A man was leaning over the counter, gesturing excitedly. A cleft twisted his lip and his brow loomed prominently. “I’m telling you, Vaulder, I can do this. I almost made it through the third level, and look-”
He thrust out a golden locket, a tiny saint set in an archway of garnet.
“Mhurr-” The sandy-blonde haired twig of a boy behind the counter was saying, “It’s too dangerous. You don’t know what’s down there.”
They spoke over one another, a confusing font of words. Tyrna shook her head like they were flies.
“Are you okay?” A cute young woman with frizzy brown locks was staring at her. “Do you need to sit down?”
“I need… a drink.” She threw a handful of small coins on the counter, from which the girl diligently picked precise change and shoved the rest back.
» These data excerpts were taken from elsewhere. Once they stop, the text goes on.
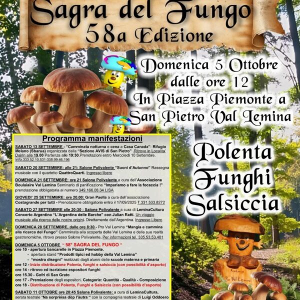 La 58ª edizione della Sagra del Fungo di San Pietro Val Lemina offre un programma ricco di eventi, tra cui il tradizionale mercato del fungo porcino, degustazioni di piatti tipici come polenta con funghi e salsiccia, e attività per bambini. La manifestazione è organizzata dalla Pro Loco, dal Comune e dalle Associazioni locali, con l’obiettivo di valorizzare il fungo porcino, simbolo gastronomico della Val Lemina.
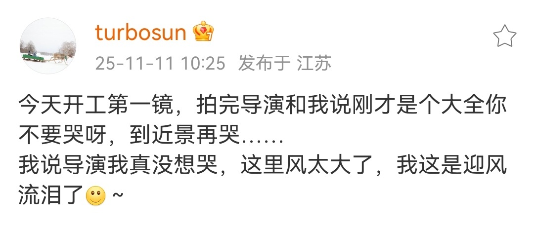 娱乐[超话]孙俪我这是迎风流泪了孙俪今天开工第一镜 孙俪今天开工第一镜!!期待!!
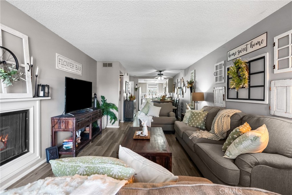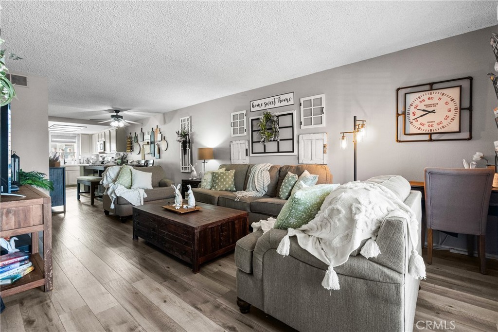 This inviting 2-bedroom, 2-bath condo offers comfort, style, and a wonderful community setting. Inside, you’ll find laminate wood flooring in the main living areas and tile flooring in the bathrooms, creating a warm and cohesive feel throughout. Plantation shutters add timeless charm and privacy, while upgraded lighting enhances the bright, airy spaces. The kitchen has been beautifully upgraded with quartz countertops, a porcelain tile backsplash, stainless steel appliances, and modern finishes, making it both functional and stylish. The washer, dryer, and refrigerator are included for added convenience. An indoor laundry area adds ease to everyday living. Both bathrooms have been upgraded with contemporary finishes, including a dual vanity in the primary bathroom that offers plenty of space and comfort. The well-designed layout provides a natural flow between the living, dining, and kitchen areas, ideal for relaxing or entertaining. Additional features include a 2-car garage and access to exceptional community amenities, including walking trails, three pools, tennis courts, gazebos, and a beautifully maintained greenbelt that creates a peaceful, park-like atmosphere. Conveniently located close to shopping, dining, and everyday essentials, with easy access to commuter freeways, this home offers the perfect blend of comfort, convenience, and lifestyle. A wonderful opportunity to enjoy low-maintenance living in a welcoming community—this is one you won’t want to miss.
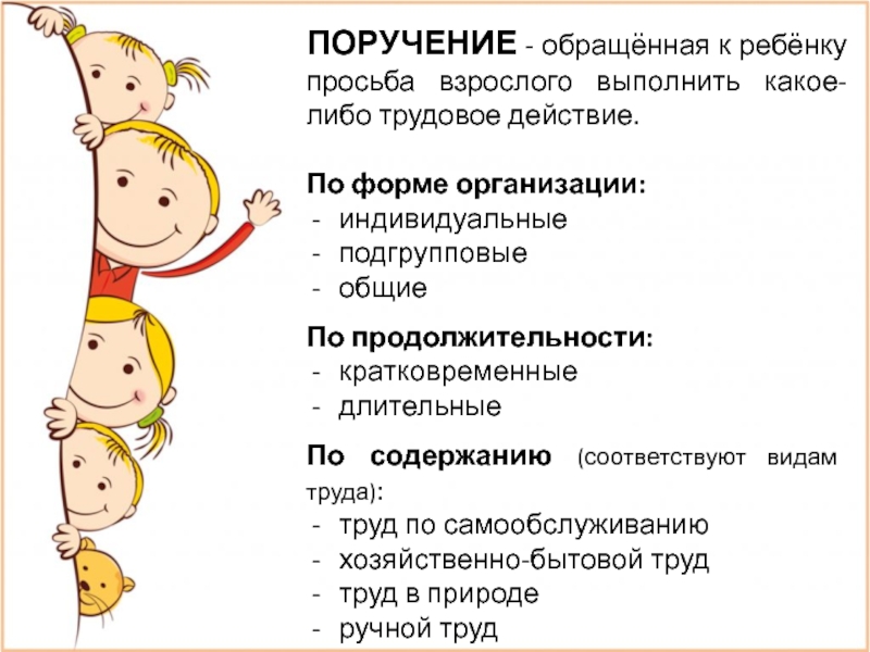 Слайд 28ПОРУЧЕНИЕ - обращённая к ребёнку просьба взрослого выполнить какое-либо трудовое
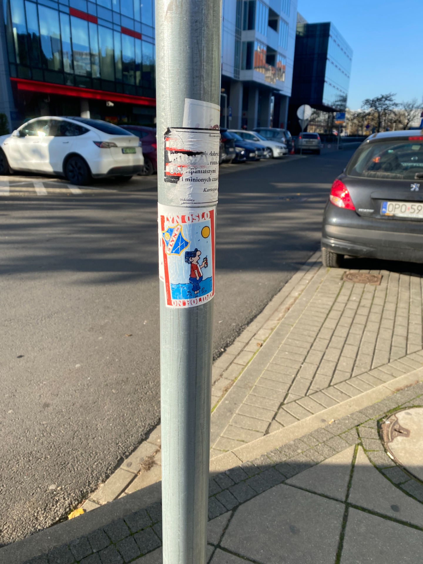 Mye rart å finne på stolper i byer. Reklame for norsk idrettslag i Poznan er kanskje litt eksotisk??
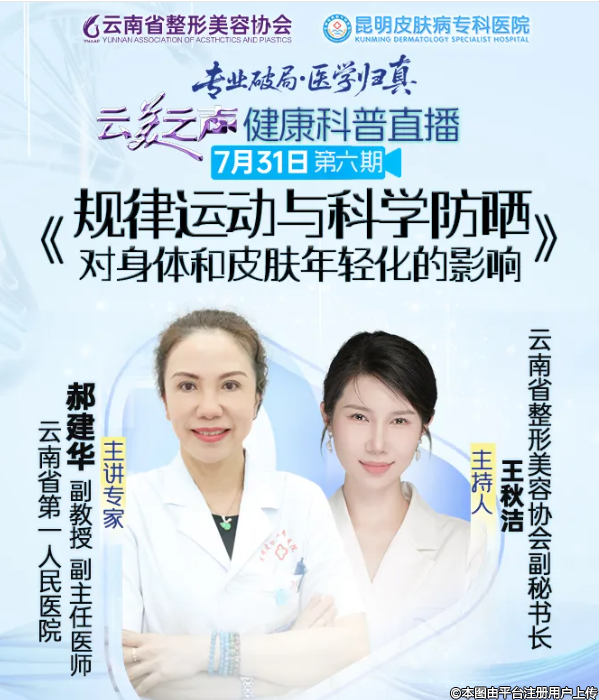 “云美之聲”第六期7月31日開(kāi)播!云南省第一人民醫(yī)院郝建華教授解讀「運(yùn)動(dòng)+防曬」對(duì)皮膚年輕化的影響,鎖定直播get干貨
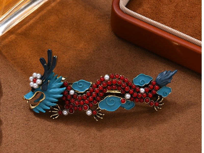 Le cloisonné, une technique remontant à la dynastie Ming, consiste à créer des motifs délicats à l’aide de fils métalliques fins, remplis ensuite d’émaux colorés. Chaque broche est minutieusement travaillée, révélant des motifs floraux, des arabesques délicates ou des symboles porte-bonheur emblématiques de la culture chinoise.
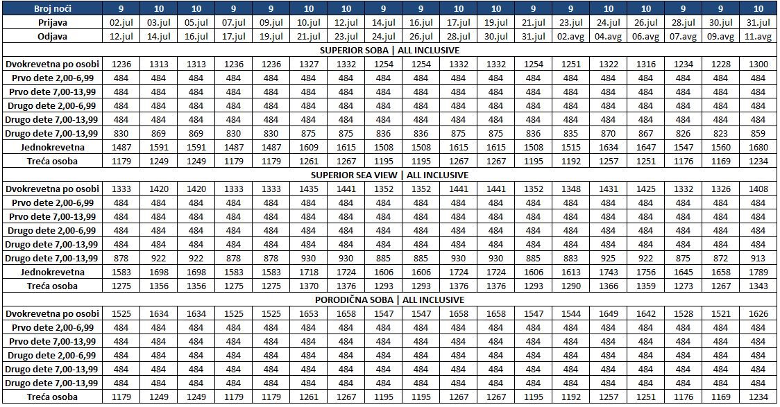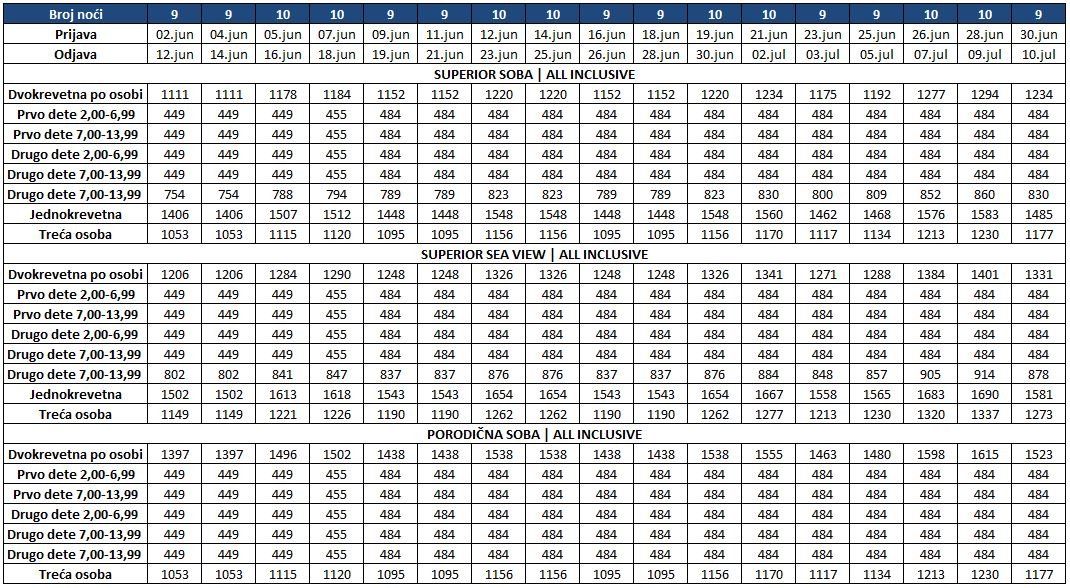 Plaća se: uvozna alkoholna pića, flaširana pića, restoran „La Terrace“, ceđeno voće.
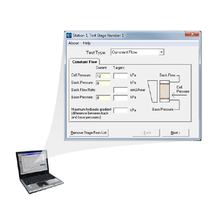 Controls either a constant head permeability test, or a constant flow permeability test with controlled hydraulic gradient control. Note: PC needs to be running GDSLAB.
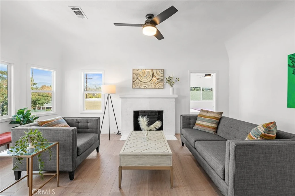 Welcome to 5116 Longfellow St., Los Angeles – an exquisitely remodeled residence that seamlessly blends modern luxury with the timeless charm of the 1920s. Step into this stunning home and be captivated by the grand living area featuring a large bay window that offers Pica boo mountain top views. The open floor plan is highlighted by seamless, high-quality laminate flooring and fresh, modern paint throughout. The brand-new gourmet kitchen is a chef’s delight, boasting a six-burner freestanding oven, stainless Farmer sink, stainless steel refrigerator and dishwasher appliances, and sleek quartz countertops. A breakfast bar and formal dining area provide versatile options for dining and entertaining. The primary suite is a luxurious retreat with a spacious bedroom and adjoining sitting area, complemented by a walk-in closet and a beautifully remodeled En-suite bathroom. This master bath is designed with elegance in mind, featuring a walk-in shower adorned with premium tile, a double-sink vanity, and bronze fixtures that add a touch of sophistication. The wide hallway leads to two additional bedrooms, each showcasing new dual-pane windows and mirrored wardrobe closets. The second bathroom has also been tastefully renovated, featuring a walk-in glass shower with upscale tilework, a custom quartz vanity, and refined finishes. A sizable guest bedroom on the opposite wing of the house provides added privacy and includes a walk-in closet with mirrored doors. The cozy living room is the perfect spot to unwind, with a charming fireplace and graceful ceiling details. This home boasts a rare convenience for Los Angeles: abundant parking with a one-car garage and space for up to four additional vehicles. An extra room, accessible through the garage, can be used as a gym, workshop, or bonus space tailored to your lifestyle. Enjoy outdoor living with the expansive, fully hardscaped rear yard that features a covered barbecue area complete with an outdoor bar and sink—ideal for entertaining. Additional storage rooms are tucked into the backyard, providing plenty of space for your belongings. The home is equipped with a brand-new, large-capacity HVAC unit to ensure year-round comfort. With its impeccable finishes and thoughtful design, this property is truly move-in ready. Don’t miss out—schedule your showing today and introduce your clients to this one-of-a-kind home!
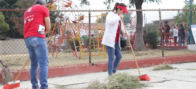 Durante la jornada dominical, directores y trabajadores municipales estuvieron en la Colonia del ISSSTE, donde junto con los vecinos realizaron labores de limpieza, pintura, mejoramiento del alumbrado, rescate de áreas verdes y espacios deportivos.
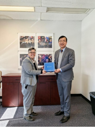 黄南松与南伊利诺斯大学艾德华兹维尔分校教务长及副校长可博交换礼物
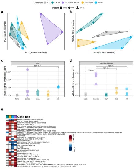 Targeting the TKIi signature alters the transcriptome of CML CD34+ cells. (a) PCA plot of all the samples sequenced. The transcriptomic changes caused by the GO + IM combination explain most of the variability of the dataset. (b) PCA plot after removing the GO + IM combination samples. This allows for a better understanding of the differences between the single treatments, which seem to be independent of each other (each treatment is projected in a different direction from the NDC). (c) Comparison of the HSC enrichment score generated by xCell for each sample. IM-treated samples were significantly enriched by HSC compared to the NDC (FDR < 0.01). (d) Comparison of the megakaryocyte enrichment score generated by xCell for each sample. The GO + IM was borderline significantly enriched on megakaryocytes compared either to the NDC or to GO/IM single treatment (FDR < 0.1). (e) Shortlist of the Reactome pathways significantly enriched in any of the conditions by GSEA. White squares represent non-significant pathways (independently of the enrichment score). Blue squares represent downregulated pathways, while red squares represent upregulated pathways. Full list of pathways can be found in Figure S8. (all) Each shape represents an individual patient, while each colour represents an individual treatment.
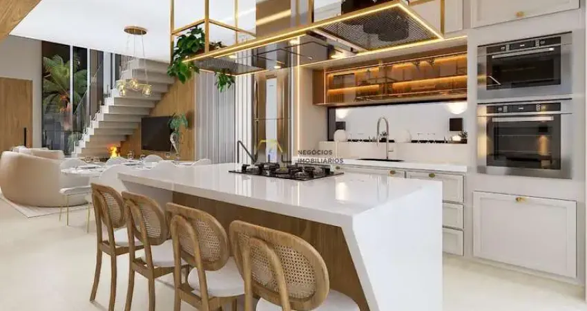 Com 4 dormitórios, (sendo 1 suíte na parte de cima e 1 domitório na parte de baixo reversivel para escritório), possui 3 banheiros, 4 vagas de garagem (sendo 2 cobertas), sala 2 ambientes, área gourmet, infraestrutura para energia fotovoltáica, aquecimento da agua através de placas solares, ar condicionado, acabamentos de primeira linha, esquadrias premium.
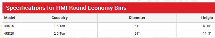 The Honeyville Round Economy Feed Bins offer you just that, an economic way to store your feed products. With 18 gauge G90 galvanized steel in the 52° hopper portion and 22 gauge G90 galvanized steel on the side walls, it offers you years of rust free service. The poly boot can be adjusted from 20° to 50° to accommodate differing auger heights. An optional hand crank auger is available for placement of the bin in remote areas.
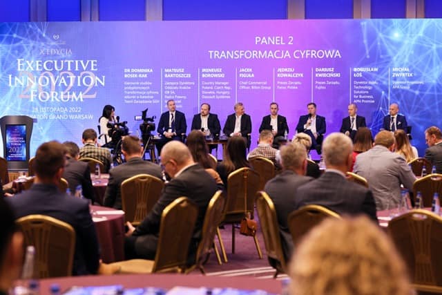 Następnie nadszedł czas na II panel dyskusyjny, moderatorem była Dr Dominika Bosek-Rak, Kierownik studiów podyplomowych Transformacja Cyfrowa, adiunkt w Katedrze Teorii Zarządzania SGH. W gronie panelistów byli: Mateusz Bartoszcze, Zastępca Dyrektora Oddziału Kraków EIB SA, Radca Prawny, Nauczyciel Akademicki, Ireneusz Borowski, Country Manager, Dassault Systèmes, Jacek Figuła, Chief Commercial Officer, Billon Group, Jędrzej Kowalczyk, Prezes Zarządu, FANUC Polska, Dariusz Kwieciński, Prezes Zarządu, Fujitsu, Bogusław Łoś, Dyrektor działu Technology Solutions for Business, APN Promise, Michał Zwyrtek, Dyrektor Finansowy, APA Group. Paneliści dyskutowali m.in. o działaniach, które organizacja musi podjąć, aby zoptymalizować operacje i zwiększyć produktywność, a także o roli cyfryzacji w skalowalności biznesu. Ponadto, wspomniano o największych wyzwaniach w procesie transformacji cyfrowej oraz wpływie obecnej sytuacji ekonomicznej, geopolitycznej, środowiskowej i społecznej na trendy w transformacji cyfrowej. Sporo czasu paneliści poświęcili technologii blockchain i jej zastosowaniu w korporacjach.
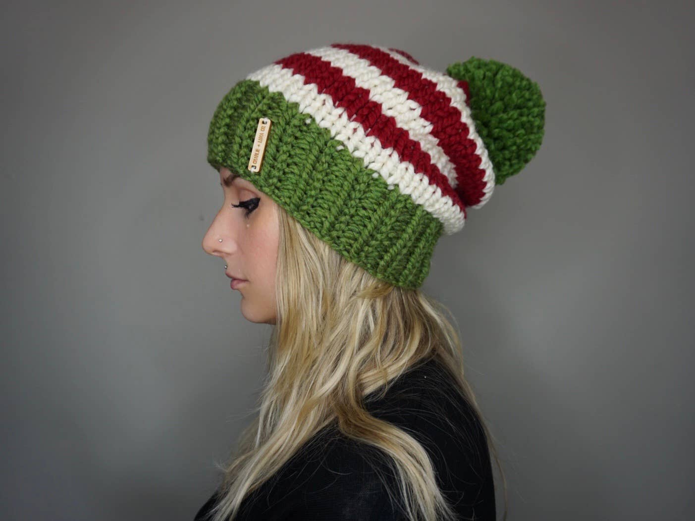 MADE TO ORDER SLOUCH LEVEL: 4/4 - Super slouchy •santa themed knit beanie •made with high quality, soft, chunky wool/acrylic blend yarn •knit by hand with care and attention to detail •slouchy & very stretchy •topped with jumbo yarn pom or faux fur pom •unisex - great for men, women and teens •fits approximately 20-24 inches - one size fits most
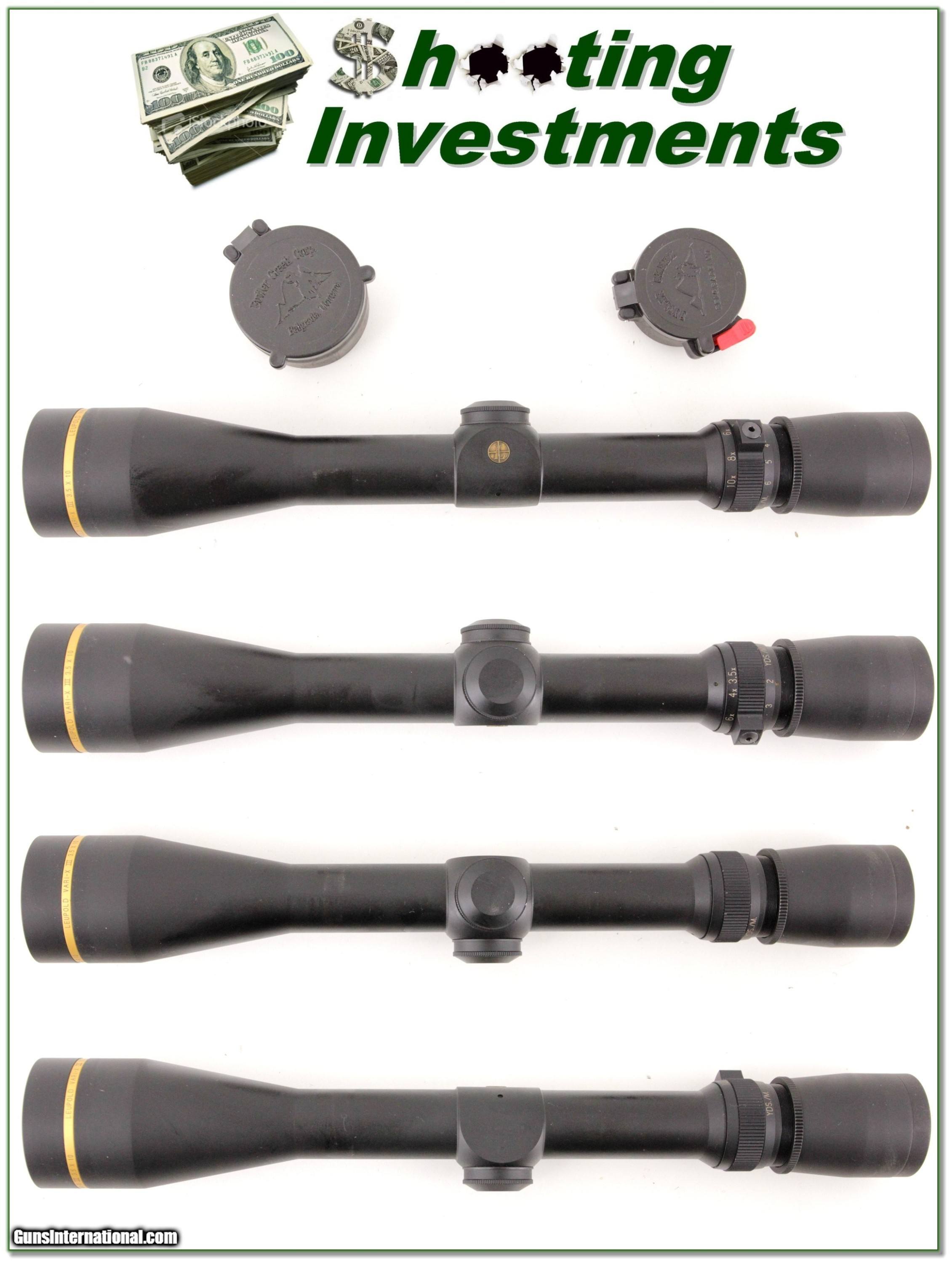Description: This scope is in excellent as new condition. It is a top of the line Leupold in 3.5-10 X 40mm. It has duplex crosshairs and crystal clear optics. It has a matt finish with no marks and comes with flip open covers as seen. Shipping is $11.95 and please email me with any questions or larger pictures. (Consign your quality firearms with Shooting Investments for only 12%! Let me know if you have any you would like to sell!) 19-1412s Payment: Payment is by Money Order, Cashiers Check or Personal Check. I can now also accept Credit Cards (MasterCard, Visa, Discover & American Express) with a 3% convenience fee. PayPal can be used for some items but never for firearms. Shipping: The shipping charge will be listed in each description. It is $39 for most firearms. Some heavy guns or those insured for over $2000 will be higher. Shipments to Alaska and Hawaii are higher because air shipment is required. Most firearms are shipped on Tuesday and Thursday and usually in 5 days of receipt of payment. We package all shipments carefully and insure them. Optics are shipped Priority Mail and most other non-firearm shipments are shipped First Class. Returns: Our return policy is simple. If for any reason you are not pleased with your purchase, you may return your item for a full refund of purchase price. Ammunition cannot be returned. It is important to us that you are happy. Guns cannot be fired or dissembled before returning them and they must be returned in the same condition as received. Notification of a return must occur with-in 3 days of receipt at your dealer. Shipping, convenience and dealer fees are not refundable and are the responsibility of the buyer. Lay-a-way: If needed, we offer a 60 day lay-a-way option on most firearms. It is 1/3 now, 1/3 in 30 days and 1/3 in 60 days. Lay-a-way firearm sales are final and if not completed the first payment cannot be returned. Consigning your firearms with Shooting Investments: We will help you get top dollar for your firearms. While most local guns shops charge 20% or more, our fee is only 12% with a minimum of $75. At your local gun shop it might take months to sell. Selling on-line provides instant access to thousands of interested buyers. You won’t find any other on-line dealer willing to sell your firearms for only 12% or listing every gun on 3 separate s. Selling through an House typically costs the seller 15% and the buyer an addition 15% (so 30%) and you have to wait several months to sell and longer to receive funds. If properly priced, we will sell your firearms in a few weeks. Send us an email or give us a call and we’ll explain how easy it is for you to get top dollar. Trading: Trading for use is really just buying your gun to re-sell. If you have a gun you want to trade, please email a picture and we will let you know what we can give or it. You will always get more if we sell it for you on consignment. Help for California Buyers: We are happy to ship to California. It is the buyer’s responsibility to make sure any item you buy is legal in your state. We are also happy to help with your purchase of a firearm from someone other than us. If you see a gun you would like to buy but the seller can’t or won’t ship to California they can ship to use and we’ll then ship it to your California dealer. The cost for this service is only $30 + shipping. Let us know if we can help! SOLD |
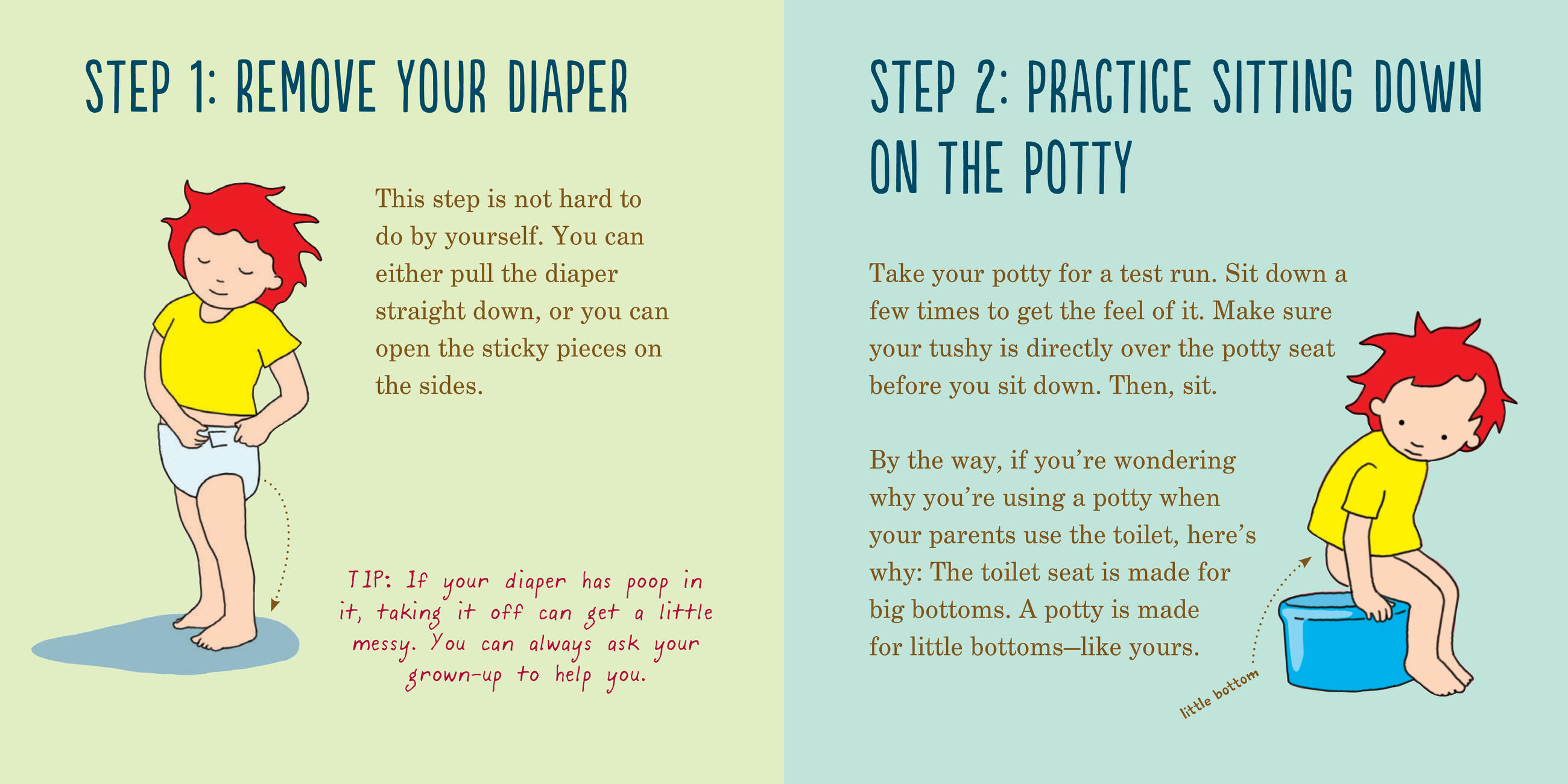 Toddlers will giggle as they learn the answers to all their questions: Will I fall in? (No, you’re way too big.) How often will I be using the potty? (As often as you feel like you need to poop or pee.) Is it true that everyone poops, even the president of the United States? (Yes, everyone poops!)

“Something strong, then.” The young woman said definitively. She moved to the great machine at the cafe’s center, the gleaming pillar of brass with its winding inorganic viscera of pipes and rattling nozzles. It let out a great belch of steam and frothing milk liqueur, filling the slender glass to the brim.
By the time she turned around, Tyrna had been caught. The cleft-faced man had seen the silver token hanging from her neck.
“Mhurr. Nolan Mhurr, at your service. I can’t help but wonder if you’re looking for companions to brave the hunting grounds with? I know a little spellcraft, myself.” He eagerly pressed, holding out his hand. She reluctantly took it, grasping a single finger between two of hers, and giving the smallest of shakes.
“Excuse me.” Smiling at her was a man with a large head and an odd baldness where his hair out to be, a light peachfuzz covering the scalp. “If you’re looking for allies, could I present myself? Henri. Just Henri.”
Gods help her. It could have been one of her nightmares.